Weng Jing-Ru, Bai Li-Yuan, Lin Wei-Yu
Department of Marine Biotechnology and Resources, National Sun Yat-sen University, Kaohsiung, 80424, Taiwan.
Division of Hematology and Oncology, Department of Internal Medicine, China Medical University Hospital, Taichung, 40447, Taiwan.
Phytother Res. 2017 Nov;31(11):1722-1730. doi: 10.1002/ptr.5900. Epub 2017 Aug 30.
Peroxisome proliferator-activated receptor γ (PPARγ), one of the transcription factors that regulate lipid metabolism and energy use in tumor cells, is a viable target for cancer therapy. In our search for potential PPARγ activator, extracts from five Formosan plants were tested. Among them, Momordica charantia L. showed the highest ability to activate PPARγ, which led us to identify its potential constituents. Among the seven compounds isolated from M. charantia, a triterpenoid, 5β,19-epoxy-19-methoxycucurbita-6,23-dien-3β,25-diol (compound 1), was identified as a PPARγ activator with an IC of 10 μM in breast cancer MCF-7 cells. Flow cytometric analysis indicated that compound 1 induced G1 cell cycle arrest which might be attributable to the modulation of phosphorylation and expression of numerous key signaling effectors, including cyclin D1, CDK6, and p53. Notably, compound 1 downregulated the expression of histone deacetylase 1, leading to increased histone H3 acetylation. Taken together, these findings suggest that compound 1 may have therapeutic applications in cancer treatment through PPARγ activation. Copyright © 2017 John Wiley & Sons, Ltd.
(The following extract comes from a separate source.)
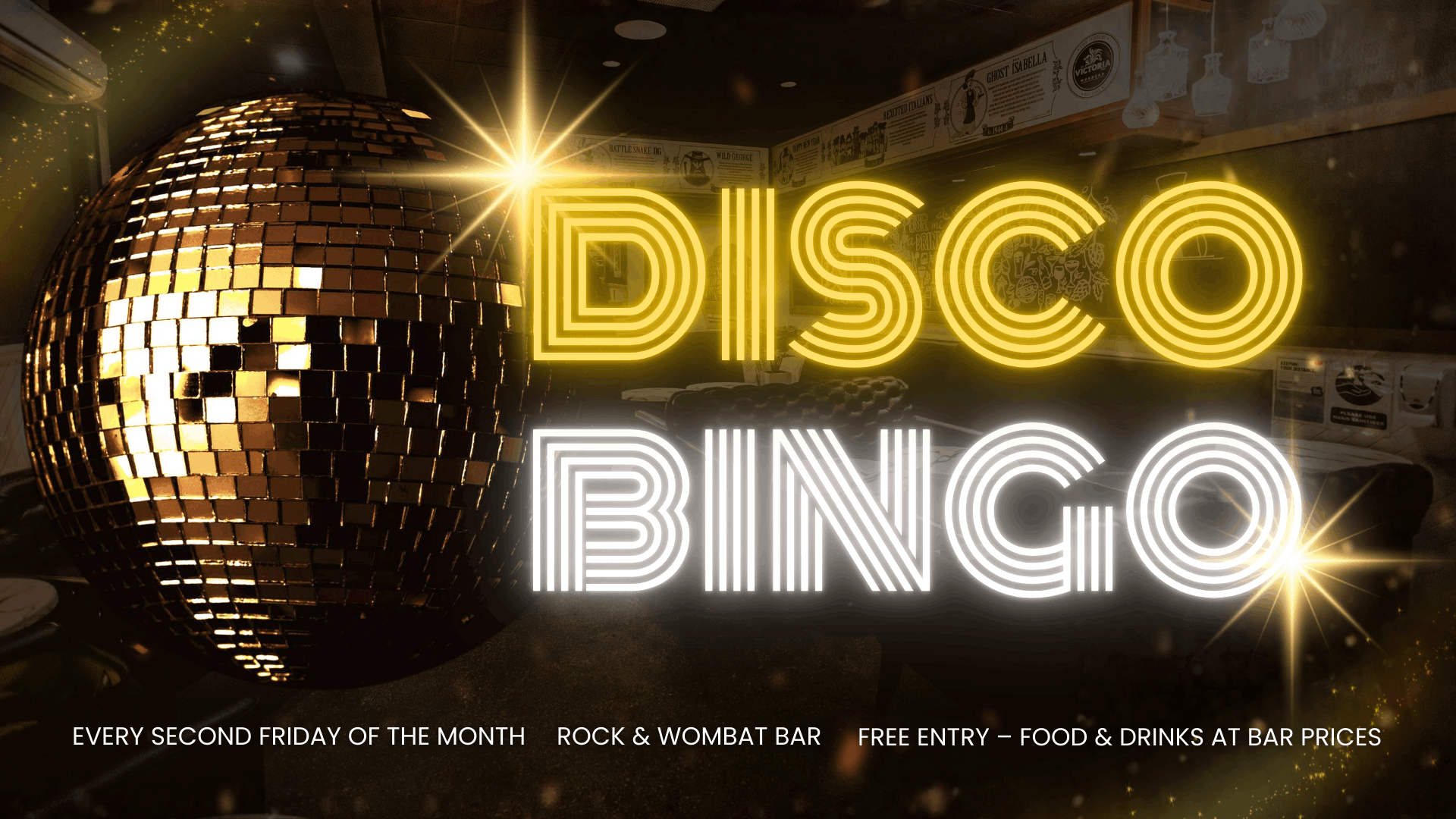 Join us in the Rock & Wombat Bar for Dolly’s Disco Bingo — a FREE event packed with laughs, music, and all your favourite disco hits!

过氧化物酶体增殖物激活受体γ(PPARγ)是调节肿瘤细胞脂质代谢和能量利用的转录因子之一,是癌症治疗的一个可行靶点。在我们寻找潜在的PPARγ激活剂的过程中,对五种台湾植物的提取物进行了测试。其中,苦瓜表现出最高的激活PPARγ的能力,这促使我们确定其潜在成分。在从苦瓜中分离出的七种化合物中,一种三萜类化合物,5β,19-环氧-19-甲氧基葫芦巴-6,23-二烯-3β,25-二醇(化合物1),被鉴定为在乳腺癌MCF-7细胞中IC为10μM的PPARγ激活剂。流式细胞术分析表明,化合物1诱导G1期细胞周期停滞,这可能归因于对包括细胞周期蛋白D1、细胞周期蛋白依赖性激酶6和p53在内的众多关键信号效应器的磷酸化和表达的调节。值得注意的是,化合物1下调组蛋白去乙酰化酶1的表达,导致组蛋白H3乙酰化增加。综上所述,这些发现表明化合物1可能通过激活PPARγ在癌症治疗中具有治疗应用。版权所有©2017约翰威立父子有限公司。